Bad Alien Boss (Royal Aliens 6)
Page 12
“Do you know how much I spent on those? Do you know what I had to do for the money to buy them? Do you know how much sentimental value they have for me?” I ask all those questions knowing full well that the answer to all of them is no. This alien with the dragon skin is a complete asshole. He doesn’t understand anything having meaning because he can magic it up out of nowhere.
He stares at me blankly, like he can’t comprehend the idea that something material might matter.
“Sentimental value?” He asks the question like that’s the first time he’s heard the phrase. He speaks perfect English, but I don’t think we share a language. Not really.
“See, you dick, here’s the thing. When you can’t just make things out of thin air, they matter. You have to pay to get them. You have to work to get them. I worked two shitty jobs to buy that jacket. I ate ramen for a week after I bought that, and you just set it on fire.”
“I did not set it on fire.
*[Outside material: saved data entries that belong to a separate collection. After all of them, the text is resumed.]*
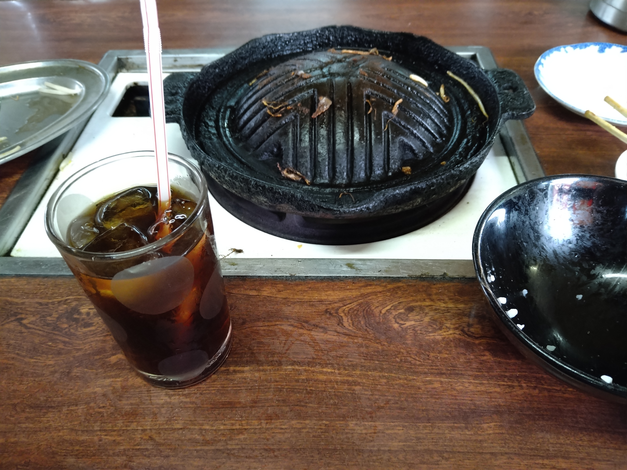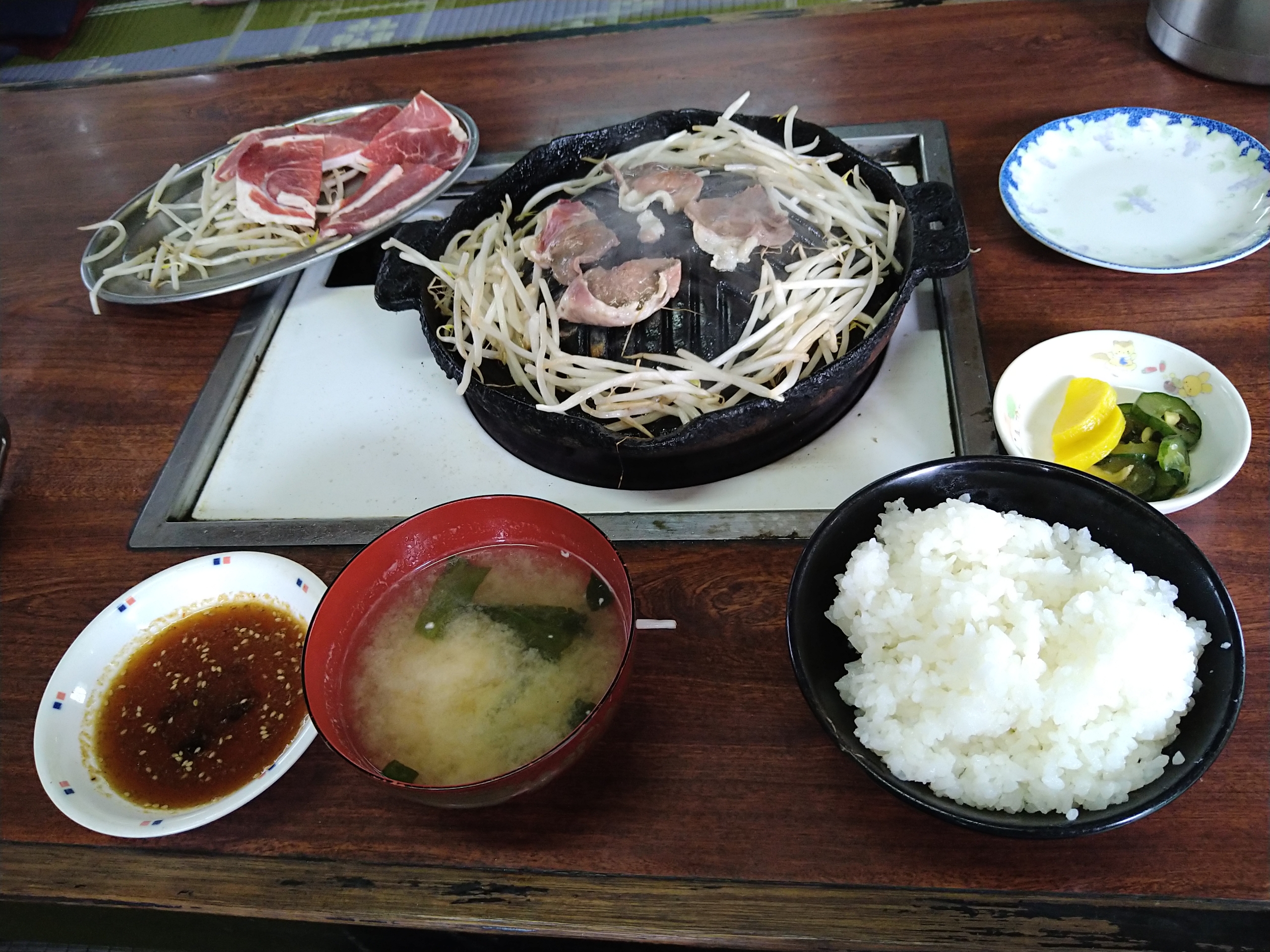 今回食べたのはジンギスカン定食(1000円)です。ここのジンギスカン定食はコンロにジンギスカン専用の鉄板をセットして自分で焼いて食べるスタイルです。ジンギスカン定食は羊肉(マトン)にモヤシとシンプルでご飯と味噌汁・漬物が付いています。食べた感想はマトン独特の癖があり、肉はやや歯ごたえがあって硬めですが、噛めば旨みががあって特製タレに付けて食べるとメチャ美味しくご飯が進みました。今どきジンギスカン定食が1000円で食べれるのは安くて貴重ですね。ジンギスカン好きにはたまりませんね。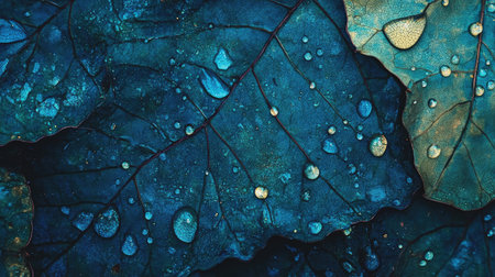 This captivating close-up captures water droplets resting on a leaf surface, showcasing intricate textures and patterns illuminated by soft natural light.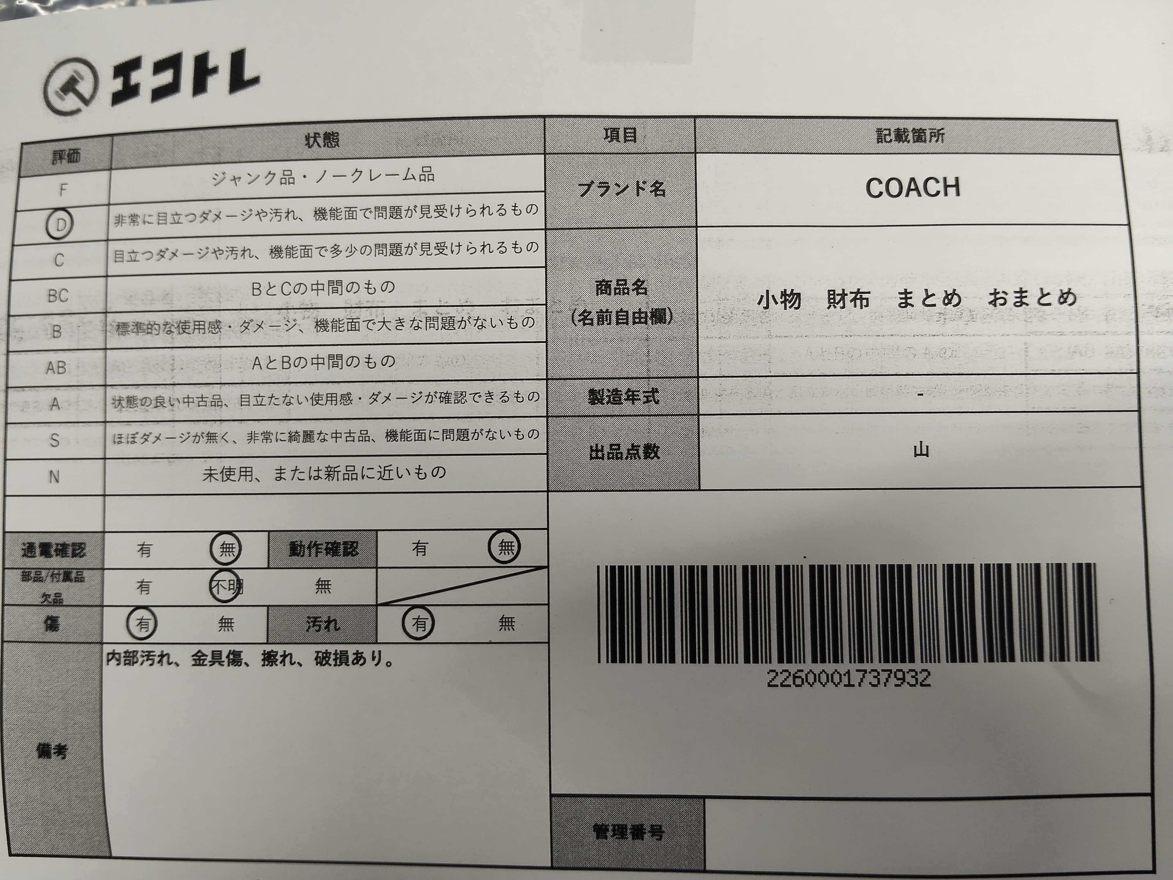 商品内容によって、JITBOXなどでの発送となる可能性がございます事ご理解下さい。年式などの商品情報詳細は写真にてご確認願います。※ご入札の際はご利用規約をよくお読みになってからのご参加お願いします。","タイプライン": "", "カテゴリ": "小物", "形状コード": "財布", "付属品コード": "", "シリアル・シール・型番": ""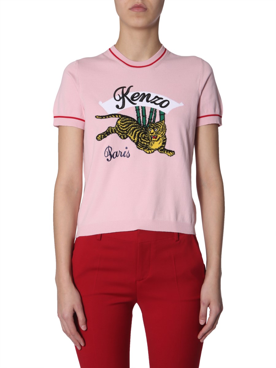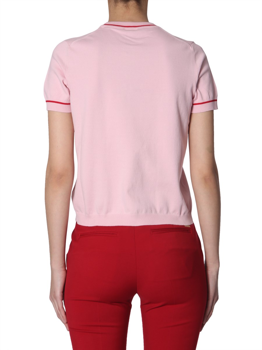- GIROCOLLO- MANICHE CORTE- INTARSIO FRONTALE- 73% COTONE, 16% POLIESTERE, 4% NYLON - LA MODELLA INDOSSA LA TAGLIA S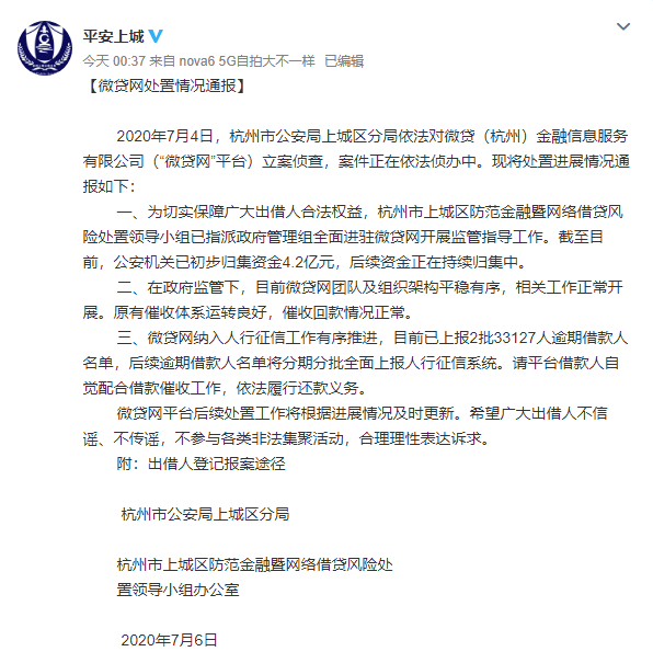 新京报贝壳财经讯 7月7日,杭州市公安局上城分局@平安上城 发布公告通报微贷网处置情况,称其已初步归集资金4.2亿元,目前微贷网团队及组织架构平稳有序。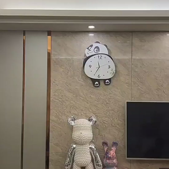 This Internet Celebrity Panda Wall Clock combines modern design with playful creativity, making it an ideal decorative piece for your living room or restaurant. Featuring a charming panda motif and a smooth swinging pendulum, it adds a unique touch to any space. Crafted for clear time visibility and reliable function, this wall clock blends aesthetic appeal with practical use, enhancing your home's ambiance with a cute yet sophisticated flair.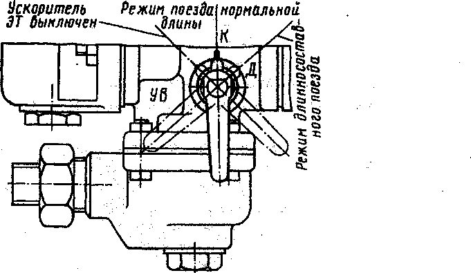 Наполнение цилиндров при экстренном торможении зависит от положения пробки переключателя режимов. В режиме К для поездов нормальной длины оно составляет 5 — 7 с, в режиме Д для длинносоставного поезда цилиндры наполняются через более узкое отверстие в пробке, в режиме УВ наполнения происходит за 12 — 16 с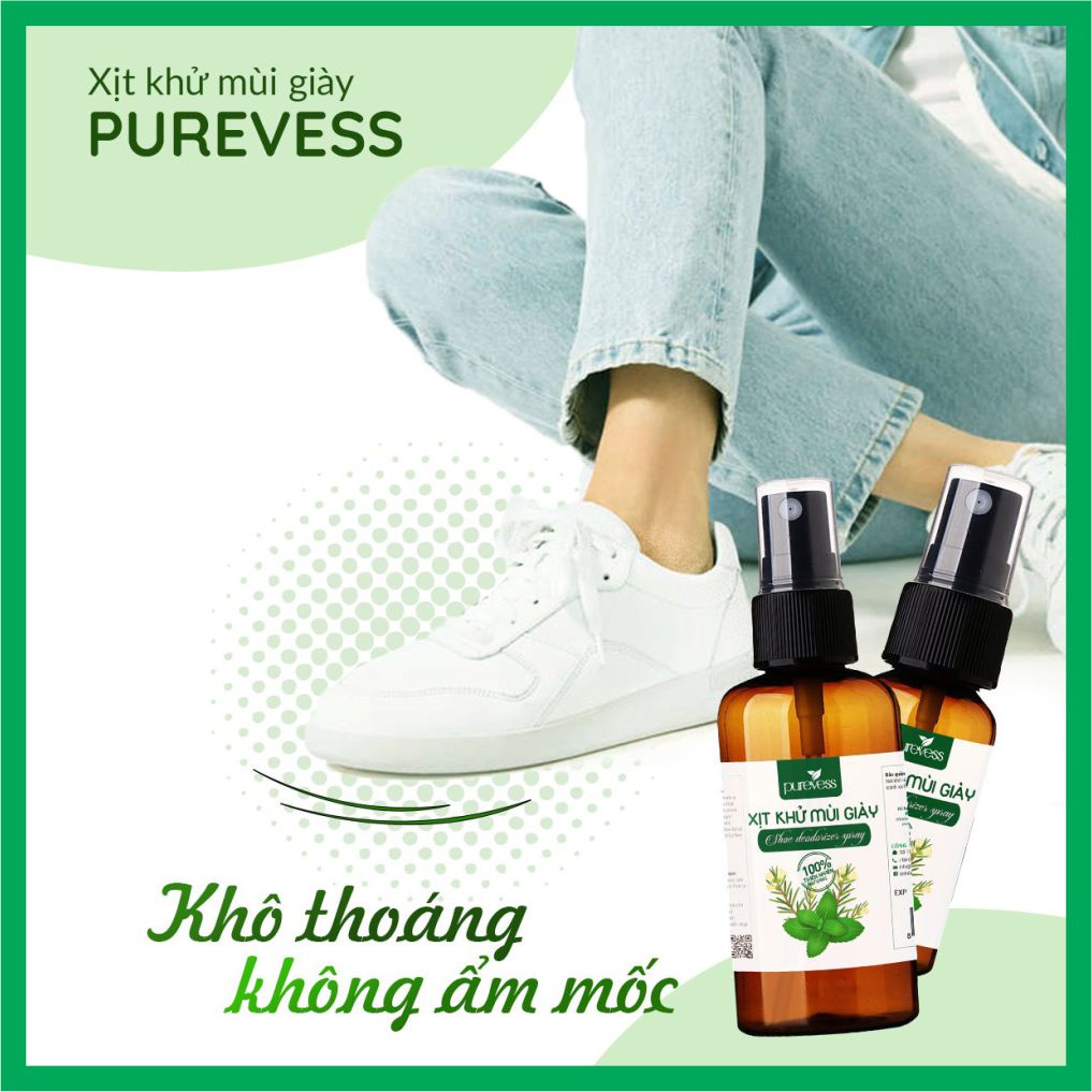 Chai xịt khử mùi giày tinh chất bạc hà the mát và tràm trà an toàn cho da --------------------------------------------------------- 🍀 Thông tin sản phẩm xịt khử mùi hôi giày : ✅ Xuất xứ : Việt Nam ✅ Dung tích 50 ml & 100 ml ✅ Hạn sử dụng : 2 năm từ ngày sản xuất ✅ Nhãn hiệu : Purevess ---------------------------------------------------------- 🍀 Công dụng sản phẩm chai xịt khử mùi giày : 👉 Tinh dầu thiên nhiên được kết hợp lại với nhau để tạo ra một dòng sản phẩm giúp cho đôi giày sạch sẽ và thơm hơn. 👉 Công dụng : khử mùi hôi giày, khử mùi hôi chân, khử mùi nón bảo hiểm... ---------------------------------------------------------- 🍀 Thành phần chai xịt khử mùi giày : 👉 Tinh dầu Bạc Hà 👉 Tinh dầu Tràm Trà 👉 Chiết xuất nha đam 👉 Cồn thực phẩm ---------------------------------------------------------- 🍀 Hướng dẫn sử dụng của chai xịt khử mùi giày : 👉 Lắc đều trước khi sử dụng. 👉 Dể dàng sử dụng, chỉ phun trực tiếp lên bàn chân, bên trong đôi giày hoặc nón bảo hiểm ---------------------------------------------------------- 🎊 Lưu ý và bảo quản sản phẩm : 👉 Không dùng cho trẻ em dưới 6 tháng tuổi. 👉 Nơi khô ráo thoáng mát, tránh xa tầm tay trẻ em. ---------------------------------------------------------- 🎊 Chính sách bảo hành và đổi trả : ✅ Bảo hành 1 đổi 1 trong trường hợp lỗi nhà sản xuất ✅ Đổi trả từ 3-5 ngày nếu giao sai hoặc không đúng sản phẩm như hình. ✅ Mọi thắc mắc về sản phẩm mọi người đừng ngại chat ngay với shop để được tư vấn. ---------------------------------------------------------- Hasbtab : #xitkhumui #xitkhumuigiay #xitkhumuigiaydep #xitkhumuihoichan #chaixitkhumui #chaixitkhumuigiay #chaixitkhumuihoigiay #chaixitkhumuihoichan #chaixitkhumuigiaydep #khumuigiay #khumuigiaydep #khumuihoigiay #khumuihoichan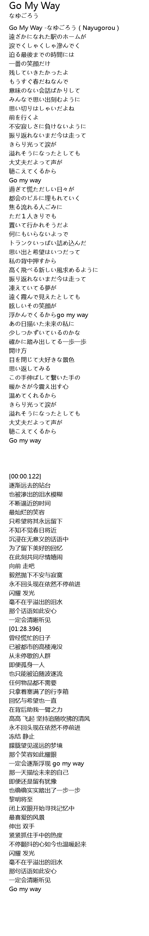 | [00:00.122] | Go My Way Nayugorou |

I freed the composite atoms.”
“Whatever.”
I guess everything ends. I just didn’t think it would be the jacket I stole. The stuff about the ramen is a lie. Well, sort of a lie. I have eaten ramen for almost every week for the last however long. That’s how it is being broke. Am I still broke? Worse than broke. I’ve got nothing.
I should be pissed because I’m suddenly naked, but I’m barely noticing my nudity. Instead, I’m focused on all the stuff I’ve lost.
“What is it with men needing to take things? You just fucking have to ruin everybody else’s fun, is that it? Prove you’re a big scary alien dude by ruining months of shopping. Is that it?”
He snaps his fingers again, and suddenly everything is back — exactly how it was. There’s the same ketchup stain on my jeans, and the rip on the arm of the jacket where I snagged it on Emmet’s replica katana that one time.
“So you’re like a genie, right?”
“I am of an alien species called the Essence. We are not genies. What I do is not magic. It is science. And it is related to the ship, as I explained earlier.”
“All science is just magic that got mixed up with mathematics.”
He tilts his head and looks at me with bright-eyed surprise. “Human, that was an intelligent comment. I did not expect such a thing from you.”
“That’s because you’re a…”
“Dick. Yes. I know. I would warn you that you will be further punished for your insolence, but it would seem that is no deterrent.”
I am enjoying how much I am confusing him. He really thought he had my number. He thought he was going to snatch me up from Earth and put me to work as some kind of assistant pregnant-lady-babysitter and I’d just go along with it because I’m a girl. I don’t like it when people assume they know me enough to tell me what I’m like and what I’m not like, and I definitely don’t like it when an alien does it.
“The clothes suit you,” he admits. “But not your role. Take them off, and I will provide you with something new. Anything you might desire.”
“I get a completely new free wardrobe!? Uhm, you should have led with that. You wouldn’t even have had to abduct me. I would have just climbed right up your space hatch.”
He looks at me with that dour, judgmental expression, like he’s too good for me. As though my interests are predictable and base and human. I’ve never met anyone this arrogant in all my life, and I’ve lived with Emmet for, like, two years.
“What is it you wish to wear, human?”
“Did you see Kim Kardashian’s dress at the 2019 Met Gala? It was like this crazy see-through corset lobster-inspired shapewear…”
“You are to become my assistant, and to be presentable for the bride of the king. You need to be dressed in professional attire.”
“You just told me I could have anything I wanted!”
“I thought you would be capable of making a sensible decision.”
“Well, I guess you were wrong, huh?” I say the words pretty smugly, then realize it was something of a self-own, but still.
“I am going to dress you in something I deem appropriate in the next ten seconds. Take those clothes off and prepare to be reclothed.”
I scramble to get my good shit off. I don’t know if it’s technically the same clothing as it was when it was first magicked off, or if having been deconstructed and then reconstructed makes it entirely new? That seems like a question for a philosopher.
I leave my underwear on. I’m fine with that being forever destroyed. The elastic is going on the waistband of my panties and my bra has seen better days.